The lines in the listing below are to be given again exactly, starting at the line holding "Poltrona lavatesta con" and ending at the line holding "This bingo card". Do not include pictures.
** Available data follows **
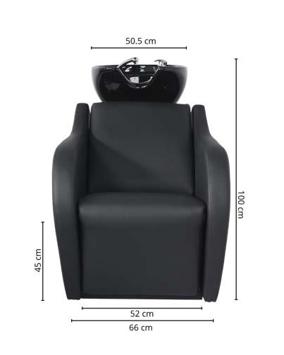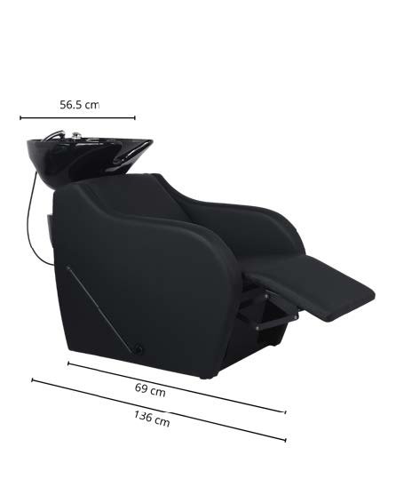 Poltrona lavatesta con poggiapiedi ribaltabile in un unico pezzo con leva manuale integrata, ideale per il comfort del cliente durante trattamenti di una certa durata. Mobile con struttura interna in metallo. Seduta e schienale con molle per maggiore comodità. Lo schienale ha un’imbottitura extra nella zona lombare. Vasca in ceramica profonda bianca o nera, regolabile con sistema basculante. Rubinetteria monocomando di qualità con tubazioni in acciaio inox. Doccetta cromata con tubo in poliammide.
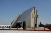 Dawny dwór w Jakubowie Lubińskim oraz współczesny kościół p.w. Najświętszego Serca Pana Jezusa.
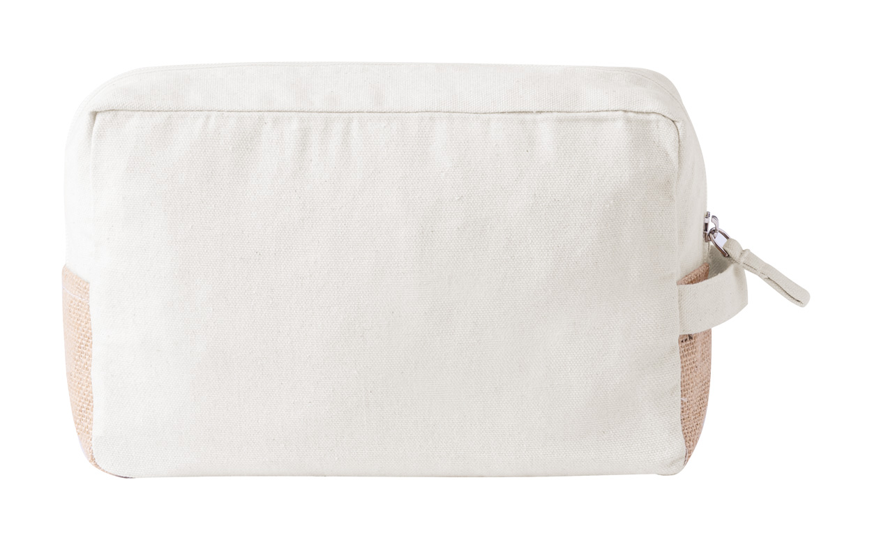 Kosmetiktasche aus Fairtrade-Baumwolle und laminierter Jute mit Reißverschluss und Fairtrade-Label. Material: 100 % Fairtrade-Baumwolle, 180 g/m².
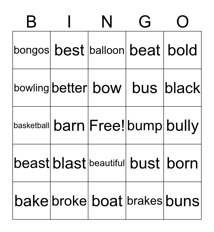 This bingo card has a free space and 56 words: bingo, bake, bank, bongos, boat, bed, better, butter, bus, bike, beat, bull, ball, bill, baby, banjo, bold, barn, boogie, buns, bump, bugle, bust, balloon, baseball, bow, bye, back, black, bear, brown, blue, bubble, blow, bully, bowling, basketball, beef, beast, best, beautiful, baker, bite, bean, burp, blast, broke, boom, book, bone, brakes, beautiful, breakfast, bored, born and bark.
** End of Available data **
** Available data follows **
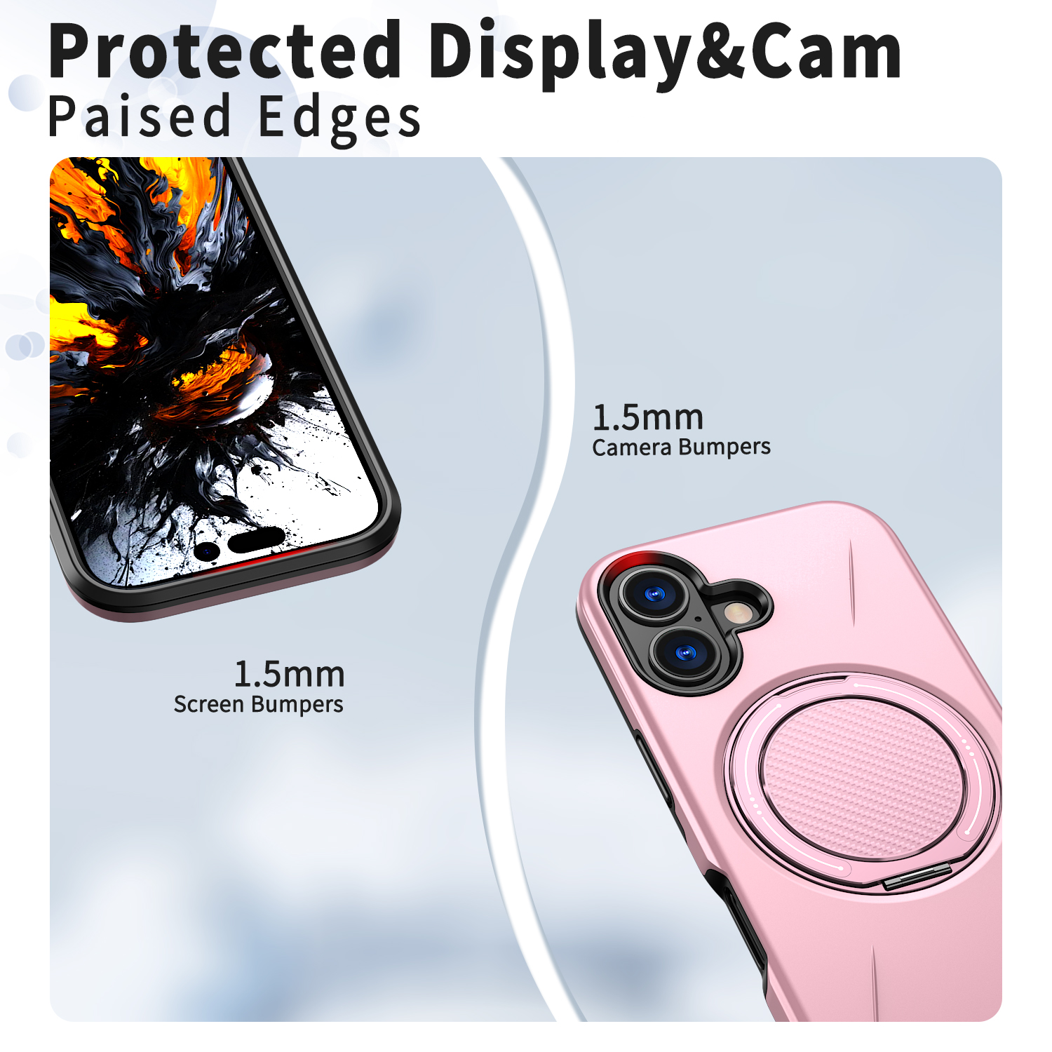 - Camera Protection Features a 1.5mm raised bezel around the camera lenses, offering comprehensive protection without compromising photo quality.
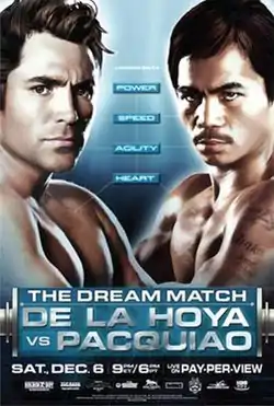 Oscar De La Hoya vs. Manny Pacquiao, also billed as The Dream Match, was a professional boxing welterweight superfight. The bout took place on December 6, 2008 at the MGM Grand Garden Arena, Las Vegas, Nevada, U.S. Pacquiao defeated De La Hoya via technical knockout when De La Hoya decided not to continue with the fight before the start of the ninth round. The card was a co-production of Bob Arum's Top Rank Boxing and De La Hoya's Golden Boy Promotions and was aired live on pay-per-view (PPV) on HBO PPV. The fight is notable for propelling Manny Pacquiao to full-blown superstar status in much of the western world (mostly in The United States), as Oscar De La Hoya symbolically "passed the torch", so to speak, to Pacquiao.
** End of Available data **
= Solution for this task =
 Poltrona lavatesta con poggiapiedi ribaltabile in un unico pezzo con leva manuale integrata, ideale per il comfort del cliente durante trattamenti di una certa durata. Mobile con struttura interna in metallo. Seduta e schienale con molle per maggiore comodità. Lo schienale ha un’imbottitura extra nella zona lombare. Vasca in ceramica profonda bianca o nera, regolabile con sistema basculante. Rubinetteria monocomando di qualità con tubazioni in acciaio inox. Doccetta cromata con tubo in poliammide.
 Dawny dwór w Jakubowie Lubińskim oraz współczesny kościół p.w. Najświętszego Serca Pana Jezusa.
 Kosmetiktasche aus Fairtrade-Baumwolle und laminierter Jute mit Reißverschluss und Fairtrade-Label. Material: 100 % Fairtrade-Baumwolle, 180 g/m².
 This bingo card has a free space and 56 words: bingo, bake, bank, bongos, boat, bed, better, butter, bus, bike, beat, bull, ball, bill, baby, banjo, bold, barn, boogie, buns, bump, bugle, bust, balloon, baseball, bow, bye, back, black, bear, brown, blue, bubble, blow, bully, bowling, basketball, beef, beast, best, beautiful, baker, bite, bean, burp, blast, broke, boom, book, bone, brakes, beautiful, breakfast, bored, born and bark.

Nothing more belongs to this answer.